Key words: validation; patient-reported outcome measures; pruritus.
Accepted Sep 19, 2017; Epub ahead of print Sep 20, 2017
Acta Derm Venereol 2018; 98: XX–XX.
Corr: Michael Storck, Institute of Medical Informatics, University of Münster, Domagkstraße 9, DE-48149 Münster, Germany. E-mail: email@example.com
In order to provide the best healthcare treatment, physicians require knowledge not only of a patient’s clinical history, but also of their corresponding social context and quality of life. With increasing workload, the time clinicians can spend with their patients, and thus the possibility to collect this information, is decreasing (1). Patient data reported by the patient without interpretation of the patient’s response by a clinician, so called “patient-reported outcomes” (PRO) (2), can be helpful for better understanding of the patient’s social context and his/her perception of the illness, which enhances patient diagnosis and treatment.

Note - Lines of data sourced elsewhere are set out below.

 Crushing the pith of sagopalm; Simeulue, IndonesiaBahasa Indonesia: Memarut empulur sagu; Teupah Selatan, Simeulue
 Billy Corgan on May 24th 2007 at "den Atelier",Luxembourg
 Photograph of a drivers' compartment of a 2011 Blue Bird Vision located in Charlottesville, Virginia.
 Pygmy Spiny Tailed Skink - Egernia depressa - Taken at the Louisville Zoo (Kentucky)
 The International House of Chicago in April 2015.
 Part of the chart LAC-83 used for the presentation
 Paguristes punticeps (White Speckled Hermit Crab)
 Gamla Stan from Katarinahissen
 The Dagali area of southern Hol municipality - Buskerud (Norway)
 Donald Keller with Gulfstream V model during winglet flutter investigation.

Patient-based data is usually gathered via paper and pencil (P&P) questionnaires. Electronic collection of PROs offers several advantages compared with P&P: reduction in errors produced by typewriting; reduction in missing data by requiring completion; and reduction in invalid data through implementation of skip patterns, among others (3). In order to overcome the drawbacks of P&P questionnaires, some projects use an electronic PRO (ePRO) system allowing the patient to answer a digital survey (4). At the University Hospital Münster (UKM), such a system, called the “Mobile Patient Survey (MoPat)”, was implemented prototypically in 2010 and re-implemented in 2014 (5). MoPat is a web-based survey system that allows patients to complete multilingual digital questionnaires. The results are automatically sent to the electronic health record and/or research database.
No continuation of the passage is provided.